Procédé parfois utilisé mais souvent peu apprécié par les spectateurs, l’utilisation récurrente de ralentis pourrait également en énerver plus d’un(e)s. Pourtant, leurs apparitions ici peuvent être interprétées de plusieurs façons possibles : pour moi ils rappellent le déplacement lent des félins, donnent un ton quelque peu poétique (une impression d’apaisement/repos, à l’inverse des scènes parfois violentes/brutes où Ted dégage toute sa colère) et enfin permettent également de profiter un peu plus longtemps de certaines scènes dont les détails nous auraient échappé si elles s’étaient passées en temps réel (je pense notamment au massacre de quatre jeunes femmes dans une chambre en pleine nuit, une scène dans laquelle les ralentis et la musique calme tout au long des quatre meurtres feraient passer ce massacre comme quelque chose d’artistique ! Dérangeant non ?).

Certes, le casting n’est pas parfait-parfait (certain(e)s acteur(trice)s ont des jeux plutôt approximatifs) mais nous trouvons un certain plaisir à rencontrer tous ces personnages décalés : une youtubeuse ne vivant que pour ses followers et ses likes, un fan de cette dernière complètement abruti, l’ami du tueur qui ne semble pas perturbé par l’état mental de Ted et qui lui procure même son costume de chat... Une belle brochette de tarés que voilà !

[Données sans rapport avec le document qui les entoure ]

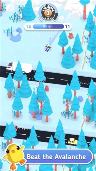 这是一款有趣的滑雪游戏,疯狂雪山手游一大堆可爱的角色可以解锁!

Et que serait "cat sick blues" sans ses meurtres sanglants (le plus violent étant sans conteste celui finissant par une tête écrasée par une statue qui n’est pas sans rappeler le meurtre à coup de phallus dans "orange mécanique"). Crâne défoncé à coups de pieds, tranchages de gorges, décapitations, fellation sanguinolente, strangulation... Le tout avec des effets spéciaux de bonne facture qui nous feraient regretter qu’il n’y ait pas plus de morts encore dans le film. Mention spéciale au meurtre d’une prostituée durant lequel Ted monte en haut du frigo pour ensuite sauter tel un chat sur sa victime alors à quatre pattes dans la cuisine ! Une sacrée poilade !

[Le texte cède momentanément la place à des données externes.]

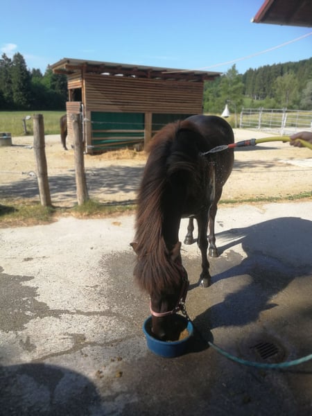 Naela ist eine wunderschöne, menschenbezogene Jungstute, gerade 4,5 Jahre alt und bereit, die Welt kennen zu lernen. Die ersten 2 Jahre durfte sie in einer gemischten Jungpferdeherde auf einer großen Fohlenweide aufwachsen. Sie steht nun in gemischter Gruppe und kennt bereits Bodenarbeit, Longieren im Schritt und Trab und hat schöne, klar getrennte Gänge. Sie bewegt sich leichtfüßig und gerne und ist dabei immer wach und gerne in Kontakt mit "ihrem" Menschen. Ihr Vater ist Kjarkur fra Skridu, 2017 WM 4.Platzierter mit Reiteignung 8.53 Naela ist absolut korrekt gebaut, im alten Typ stehend und gut bemuskelt, Breite Brust und ein sehr gutes Röhrbein. Sie ist sehr gelehrig, liebt geistige Herausforderung und ist bestimmt ein absolut toller Freizeit-Partner, die mit ihrem Menschen durch dick und dünn geht. Durch ihre Neugier und Zugewandheit können wir sie uns auch gut in der Therapie-Arbeit oder vor der Kutsche vorstellen. Sie wird sicher kein Riese, hat aber ein sehr gutes Fundament und wird mit der richtigen Ausbildung und Erfahrung ein wunderschönes Traumpferd. Derzeit hat sie ein Stockmaß von 133cm und wird wahrscheinlich ca. 136cm erreichen. Ihr Vollbruder zeigt sich hervorragend unterm Sattel und steht ebenfalls am Stall. Sie ist brav beim Schmied, (geht barfuß), kennt Hänger fahren und Tierarzt. Abgabe nur in allerbeste Hände, keine Reitschule, keine Anfänger. Preis ist Verhandlungssache, wenn alles passt. Natürlich nur in Offenstall- oder Aktivstallhaltung. Wenn Naela dich begeistert, melde dich gerne, wir suchen für sie die passenden liebevollen Menschen, vielleicht ja dich? Stute steht bei Iffeldorf.

Au final, ce "cat sick blues" est une bonne surprise dans le milieu des serial killers au cinéma. Un véritable ovni en provenance d’Australie qui nous montre que nous pouvons encore trouver des idées originales, plus ou moins loufoques, pour donner naissance à des œuvres bien barjes et hautement recommandables.
Alors oui, le casting fait parfois amateur et nous notons quelques lenteurs dans le scénario mais l’ensemble se laisse finalement très bien regarder et nous y prenons même beaucoup de plaisir à divers moments, entre humour, déviance et horreur pure.
Un plaisir que je n’avais pas pris devant un film à la « what the fuck ?! » depuis le très sympathique "the greasy strangler" ! MIIIAAAAAAOOOOOOUUUUUUUUU !!!!!!!!!!!!!!!!!!